Changing your automatic transmission fluid is necessary to keep the transmission running efficiently and smoothly.
To help you out, we’ve put together a quick step-by-step guide for you. Remember, if you’re unsure about any of these steps make sure you ask one of our team members or your local mechanic.
What you'll need
- Jack stands or ramps
- Spanner or Socket set
- Torque wrench
- Drain pan
- Automatic transmission oil
- Automatic transmission filter kit, includes oil pan gasket
Step 1 – Warm Up Transmission
Firstly warm up the transmission fluid by idling and selecting through the gears or going for a short drive.
Step 2 – Raise The Vehicle
Raise the vehicle and ensure it is level and stable.
Step 3 – Check For Leaks
Do a visual inspection of the transmission for leaks.

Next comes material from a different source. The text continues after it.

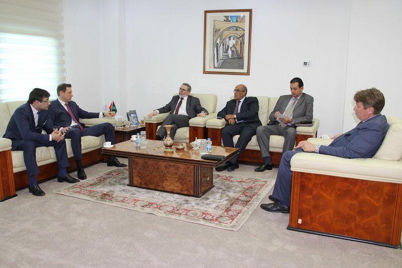 واستقبل المهندس مصطفى صنع الله رئيس مجلس إدارة المؤسسة الوطنية للنفط السيد بانوف رومان والوفد المرافق ظهر يوم الاثنين الموافق 14 مايو 2018. حضر الاجتماع السادة أبو القاسم شنقير عضو مجلس الإدارة ومدير عام الاستكشاف والإنتاج بالمؤسسة الوطنية للنفط، وسعادة سفير ليبيا لدى موسكو السيد مصطفى أبو سعيدة، والسيد كمال كريستا من إدارة التعاون بوزارة الخارجية، وصلاح بن علي مدير مكتب التعاون الدولي بالمؤسسة الوطنية للنفط.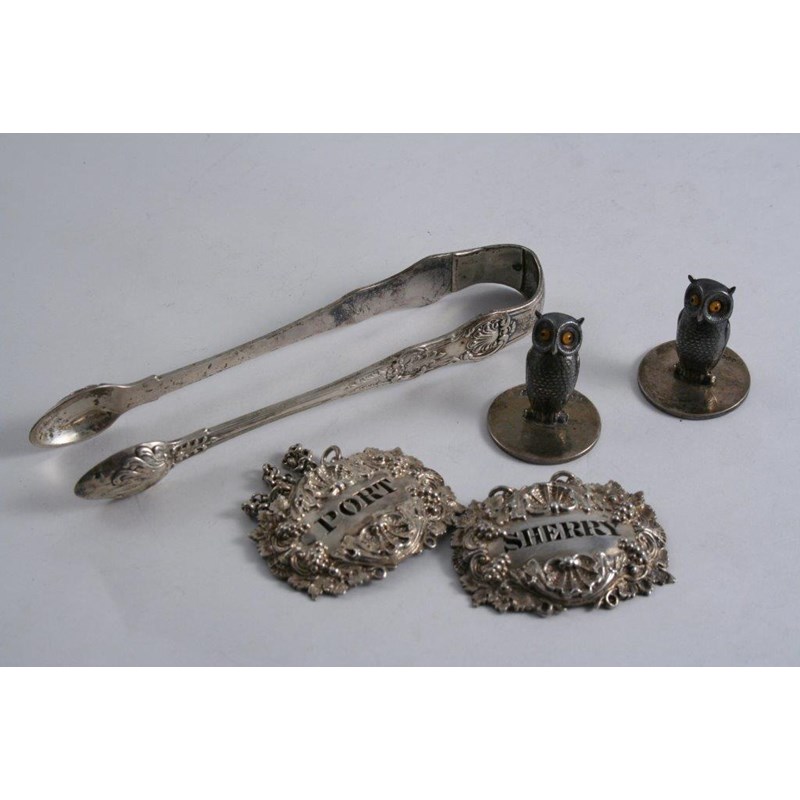 with coloured glass eyes, by S. Mordan & Co., Chester 1905, a pair of sugar tongs and two decorative wine labels pierced "PORT" & "SHERRY" by C. Reily &G. Storer, London 1842; the owls 1.25" (3 cms) high; 4.7 oz (5)

Step 4 – Locate Drain Plug
Most transmissions have easily accessible drain plugs, however some will require the oil pan to be removed in order to drain. Others may require a suction pump to draw the fluid out of the filling point.
Consult the workshop manual for your vehicle to find out the correct procedure.
Be careful as the lubricant can be hot enough to cause serious burns
Once located, remove any guards which may be in the way and select the correct spanner or socket to remove.
Step 5 – Drain Old Fluid
Position a large diameter drain pan underneath the transmission to catch the old fluid.
Remove the drain plug
If the bolt does not release, a quick spray of WD40 directly onto the bolt should help loosen it up. Spray and leave for 30minutes to 1hour to take effect.
If the filler bolt has become seized or stripped, and will still not release, stop the procedure immediately and book your car into your mechanic to have the oil checked or changed.
If there isn't a drain plug, remove all but three of the oil pan bolts - this is the minimum number required to keep the pan in place.
The fluid will flow into the drain pan.
Once the fluid stops flowing, support the oil pan with one hand and remove the remaining three bolts.
Step 6 – Examine Fluid
Examine the fluid for any metal particles. If the transmission was previously overfilled damage may have been caused.
Examine the oil pan for metal particles or pieces of clutch material. Any large build up or pieces may indicate a serious problem with the transmission and it should be inspected by a specialist.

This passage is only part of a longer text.